Likewise, many other bryophytes can protect fruits and vegetables after harvest from the fungal infestation due to injuries and unwanted water in the ambient surroundings.


Bryophytes have unique thallus organization and water relations. Hence these poikilohydric minutes plants are available for their cautious utilization in managing postharvest fungal diseases as a cost-effective and eco-friendly approach (Ghazanfar, Hussain, Hamid, & Ansari, 2016; Santra et al., 2020). Because of their resurrection nature, their storage and use have many benefits compared to synthetic fungicides, but they remained neglected (Drobnik & Stebel, 2018). The rehydrated thalli of bryophytes can generate many secondary metabolites that restrict surrounding pathogens’ growth. The dried thalli can absorb all the unwanted water/moisture contents from the harvested produce if used either solely or in combination with packaging materials. Both the rehydrated and dried form are interconvertible.
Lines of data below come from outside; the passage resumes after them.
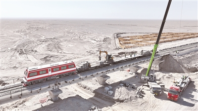 10月13日,在罗若铁路施工现场,轨道车、东风4内燃机车、机养车与焊轨机轰鸣声不断,工程指挥车往来穿梭。近百名铺架作业人员奋战在施工一线,争分夺秒推进罗若铁路米兰至罗布泊段的建设。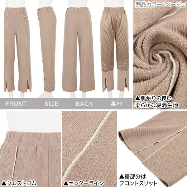 リブパンツ スリット 夏 メロウパイピング ロング 大人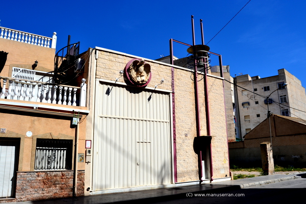 «…Situada en el número 29 de la calle Luís Buñuel, su construcción data del año 2004. Es la sede de la Hermandad de San Juan de la Palma constituida en 1944. De planta rectangular con cubierta plana. La fachada principal cuenta con dos partes compositivas, una ocupada por el gran acceso que permite la entrada del paso de Semana Santa. y la otra por un elemento semiescultórico metálico que conforma un campanario. Cuenta en la fachada con el escudo o alegoría del Evangelista. Alberga los tronos procesionales, enseres y las imágenes de San Juan de la Palma (José María Ponsoda, 1944) y Santa María Salomé (Ramón Cuenca, 2009)…». (1)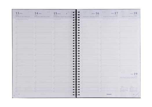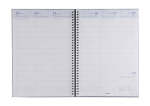 Brepols agenda Omega Kazar 6-talig met 1 week op 2 pagina's en kwartierindeling (08:00-21:00). Boekgebonden met wire-o en met wit papier en scheurhoekjes in een stevige ecologische omslag op formaat 21 x 29 cm.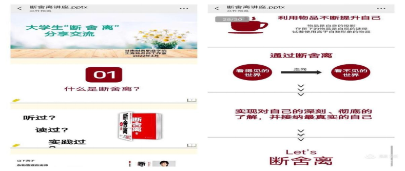 活动第一阶段:组织线上腾讯会议,由王秀玲名师工作室展开“断、舍、离”理念植入,帮助学生更好的整理宿舍内务。同时发放关于大学生“断舍离”的问卷调查,截止4月20日收回问卷359份。

Thus, these thalli are ecologically remarkable regarding this unique property of water relations. A vast diversity of these plants is available for use in some new purposes apart from conventional horticulture uses. Huge biomass can also be grown either through tissue culture or from the spores, therefore the year-round availability. Apart from Sphagnum spp., now the other evaluated genera of bryophytes should be used in the horticulture industry as these valuable miniatured plants can assure top eco-friendly management of postharvest fungal attacks with minimum effort.

The extraction part of bryophytes needs further attention and inventiveness to increase the use of these plants at a large scale. Existing extraction methods are valuable and practical at the laboratory level, but a cost-effective approach is still required in the upcoming days for large-scale requirements. This is a challenge and opportunity for biochemists and bryologists.
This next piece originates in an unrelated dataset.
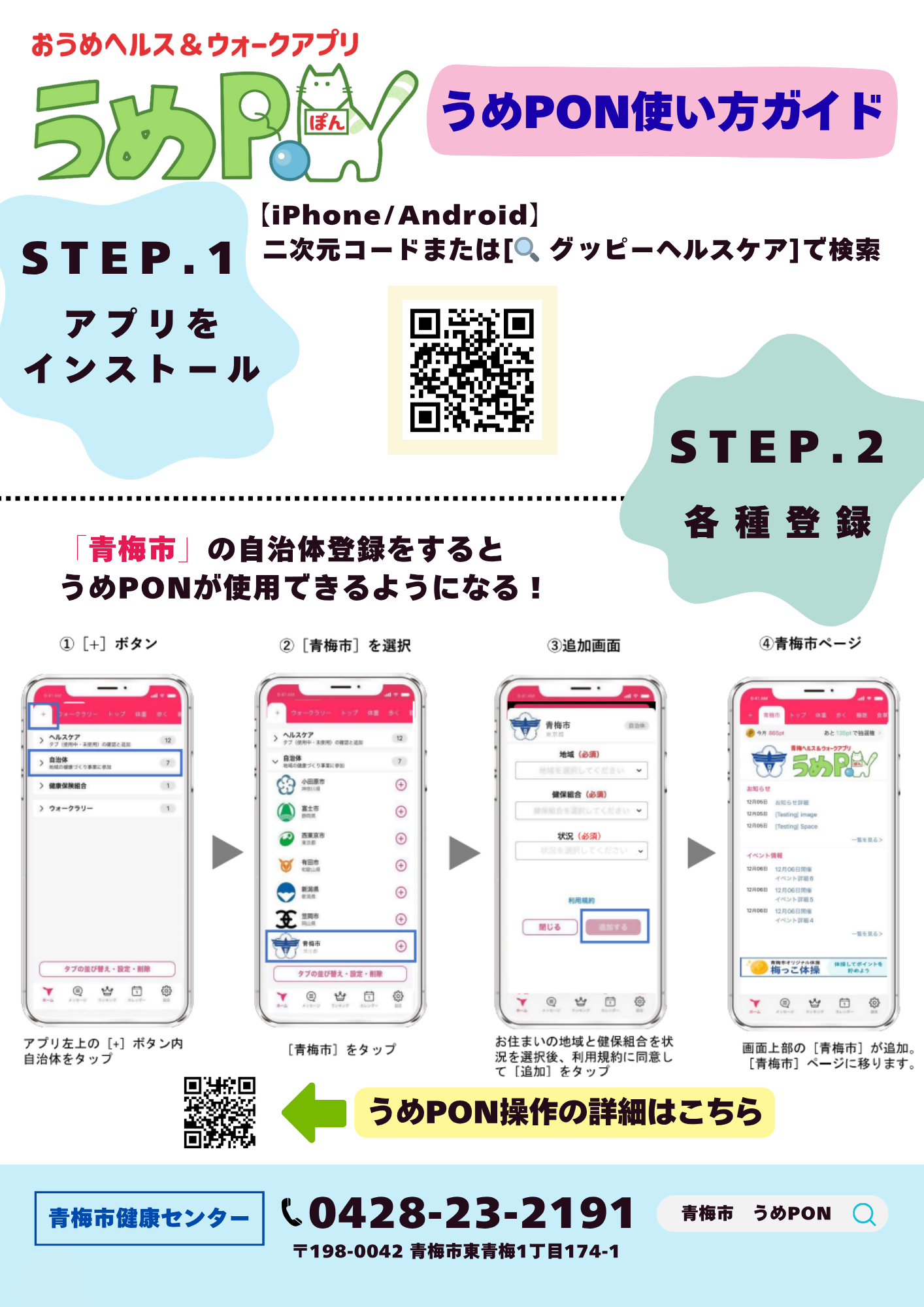おうめヘルス&ウォークアプリ 「うめPON」(うめぽん)

Many fungal pathogens are the root cause of various postharvest diseases in economically important fruit and vegetables. Though, these strains can infect the fruits and vegetables before harvest and opt for a dormant period until the congenial environment during and post-harvesting of the produce for rapid growth and disease development. Usually, these fungal pathogens infect the yield through surface injuries. As a result, numerous bryophytes, particularly Sphagnum, can be employed throughout the harvesting process and afterwards to help prevent fungal infestations. Conventionally, synthetic fungicides have performed a dominant role in postharvest disease control. However, awareness regarding the hazardous nature of chemical fungicides in horticulture/agriculture is compelling the advancement of new approaches. In this scenario, the perspectives of bryophytes in control of many of the postharvest fungal borne diseases become imperative as a lucid, eco-friendly and cost-effective ploy.
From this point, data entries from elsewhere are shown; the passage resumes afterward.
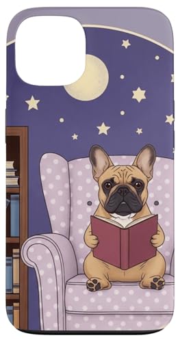 Bibliothèque au Clair de Lune Bouledogue français Lecture Coque pour iPhone 13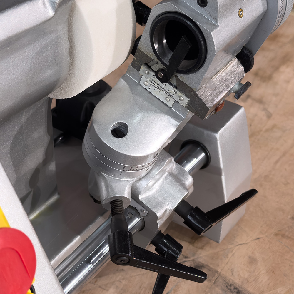 Модель отличает высокая точность, благодаря монолитной конструкции и микроподачам. Универсальный суппорт позволяет настроить инструмент на заточку под любой угол. Компактные габариты и питание от бытовой сети напряжения способствуют размещению станка в любом удобном месте. Ременный привод с асинхронным двигателем обеспечивает бесшумную работу и стабильное вращение под нагрузкой. В комплекте шлифкруг-чашка и цанга для фрезы или сверла с цилиндрическим хвостовиком.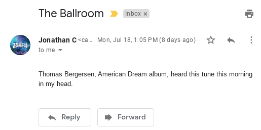 On July 18th I got the song ‘The Ballroom‘ in my head by Thomas Bergersen from his album titled ‘American Dream’:

The hunt for novel bioactive compounds of antimicrobial significance has been a significant concern for a long time. Recently, phytopathogenic contamination has hard up the horticulture and agricultural production constraints to an actual task. A range of plant extracts is used as biocontrol approaches in their basic and cleansed form. The prevailing synthetic fungicides face many problems, viz., drug resistance, nephrotoxicity, biomagnification, etc. In this regard, using extracts of these first land plants would provide a fresh, harmless, and the finest strategic tool in postharvest fungal control. The bryophytes are underexplored in their enigmatic phytochemistry and secondary metabolite production. The confidence is reliable on miniature green first land plants because they protect against fungal or bacterial attacks. Thus, the hunt is principally made on the vast bryo-diversity that contains remarkable potential as antifungal agents.

Conflicts of interest

The authors declare no competing interests.

Author contributions

This work was collaboratively undertaken by all authors. AA conceived the subject. SJ and PB conducted the literature search and drafted the article. The final manuscript was reviewed and approved by all authors.